----- SOURCE DATA

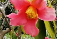 滇山茶:灌木至小乔木,有时高达15米,嫩枝无毛。叶阔椭圆形,上面干后深绿色,发亮,下面深褐色,无毛,侧脉6-7对,边缘有细锯齿。花顶生,红色,直径10厘米,无柄;苞片及萼片10-11片,花瓣红色,…全部>>
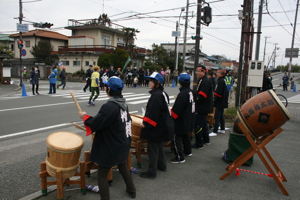 沿道脇で頭にハチマキをした男性や帽子を被った女性が太鼓を叩いて応援している写真 拡大画像 (JPEG: 181.5KB)
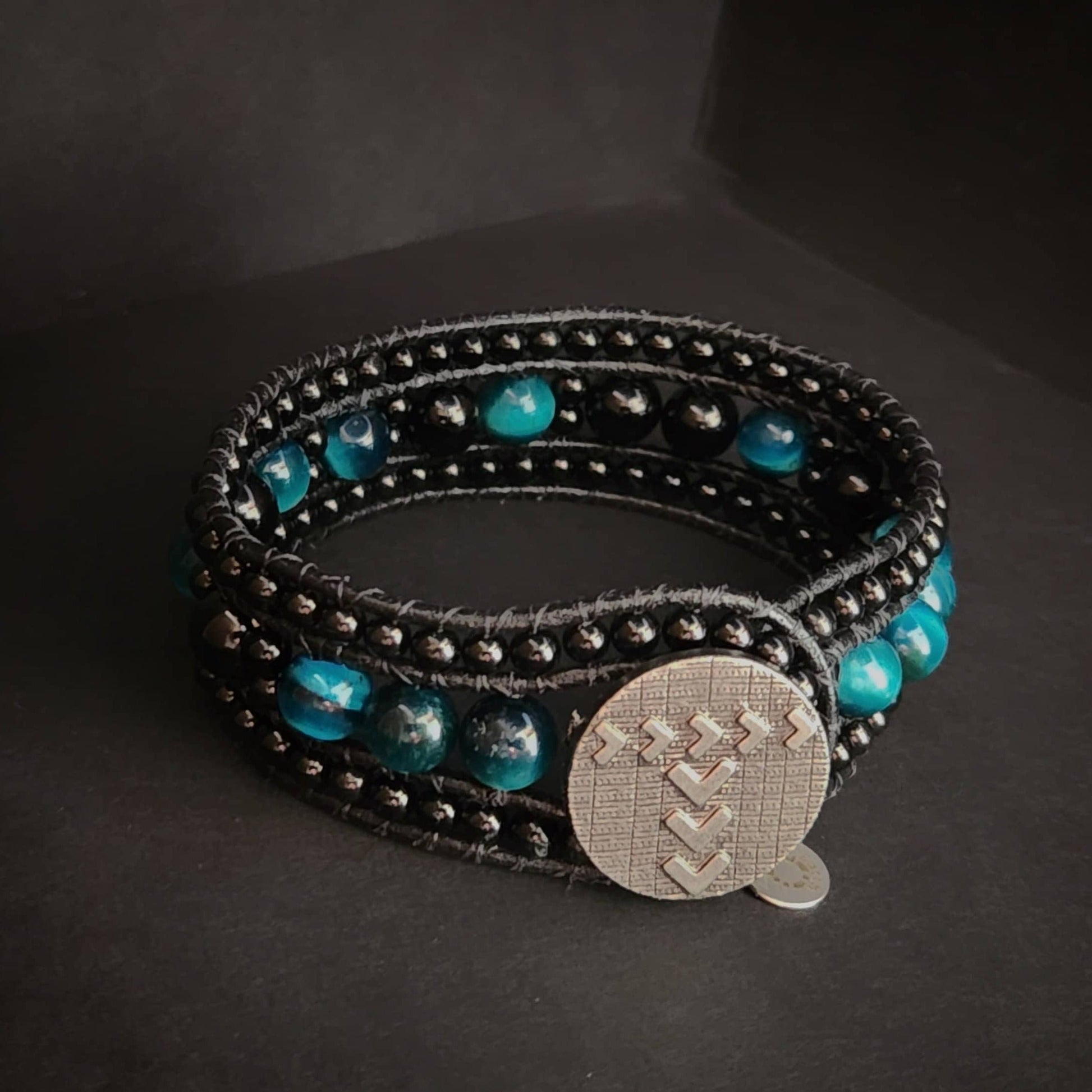 Designed for the rigours of daily wear, this cuff is hand-woven using resilient black leather and anchored by a vintage-style metal button for a secure, classic closure. The combination of Tiger’s Eye and Tourmaline ensures a sturdy, tactile piece that maintains its integrity and rich detail through every adventure. Due to the precise nature of Morse Code translation, character counts are strictly limited to ensure the integrity of the design and a comfortable fit on the wrist.

----------

Print the listing exactly, pictures excluded.

 滇山茶:灌木至小乔木,有时高达15米,嫩枝无毛。叶阔椭圆形,上面干后深绿色,发亮,下面深褐色,无毛,侧脉6-7对,边缘有细锯齿。花顶生,红色,直径10厘米,无柄;苞片及萼片10-11片,花瓣红色,…全部>>
 沿道脇で頭にハチマキをした男性や帽子を被った女性が太鼓を叩いて応援している写真 拡大画像 (JPEG: 181.5KB)
 Designed for the rigours of daily wear, this cuff is hand-woven using resilient black leather and anchored by a vintage-style metal button for a secure, classic closure. The combination of Tiger’s Eye and Tourmaline ensures a sturdy, tactile piece that maintains its integrity and rich detail through every adventure. Due to the precise nature of Morse Code translation, character counts are strictly limited to ensure the integrity of the design and a comfortable fit on the wrist.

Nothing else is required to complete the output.